Elon Musk: “I didn’t think SpaceX or Tesla would work”
Billionaire tech titan Elon Musk – the brain behind Tesla electric cars, a project to colonise Mars and Hyperloop – has more ideas in a year than most people in a lifetime.
But speaking on Radio 4’s Today programme this morning, the serial entrepreneur admitted that he hasn’t always had faith that things will come off, saying that he thought neither SpaceX nor Tesla would succeed.
In 2008, things weren’t going well for the PayPal founder. SpaceX launches had failed, and Tesla had supply chain and design issues, with popular sentiment that the firm would collapse.
Unlike the unwavering belief systems many entrepreneurs hold, Musk is a lot more reticent when it comes to banking on the future. He didn’t even have high hopes for the internet, explaining that, back in 2005, nobody had made any money out of it: "Our initial goals were really quite modest; would we be able to afford enough to eat?"
But when asked why he decided to do the work he does – it’s usually governments that cover and fund such heavyweight tech and innovation projects – Musk says he didn’t intend to start a rocket company, but it bothered him that people had “lost the will” to realise the fantasies of comics and sci-fi films. He waited for something to happen, he said, and no-one initiated it.

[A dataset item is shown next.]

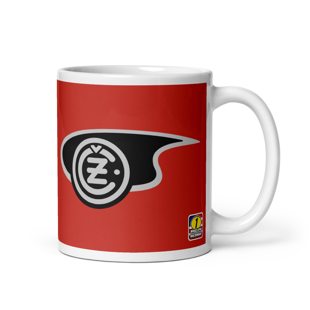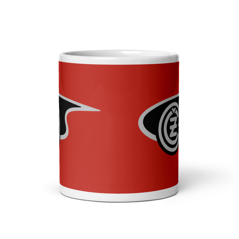 Iconic 1968 CZ Tank Logo Black-Grey - Red base on white Moto Mug. Perfect for any racing fan!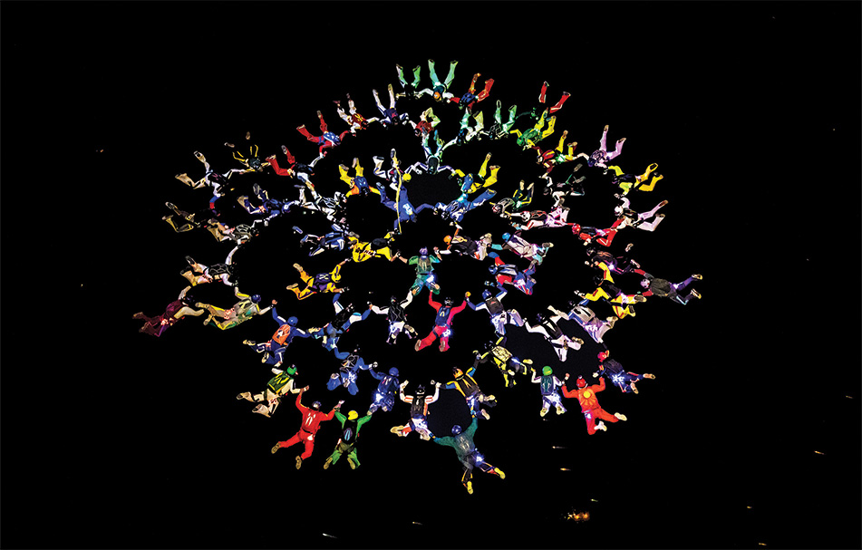 Jumpers make history with a 64-way night formation skydive over Skydive Arizona, Eloy. Photo by Laszlo Andacs.

Will he create a Mars base in his lifetime? “That depends how long I live.”
There is, of course, a caveat to Musk’s plans – of the economic variety. Despite his $2.7bn (£1.6bn) fortune, Hyperloop – the concept for a “fifth mode of transport” that could ping people between cities at nearly the speed of sound – and colonising Mars could leave Musk broke. But does he care if he loses his money working on them? “I don’t, I really don’t.”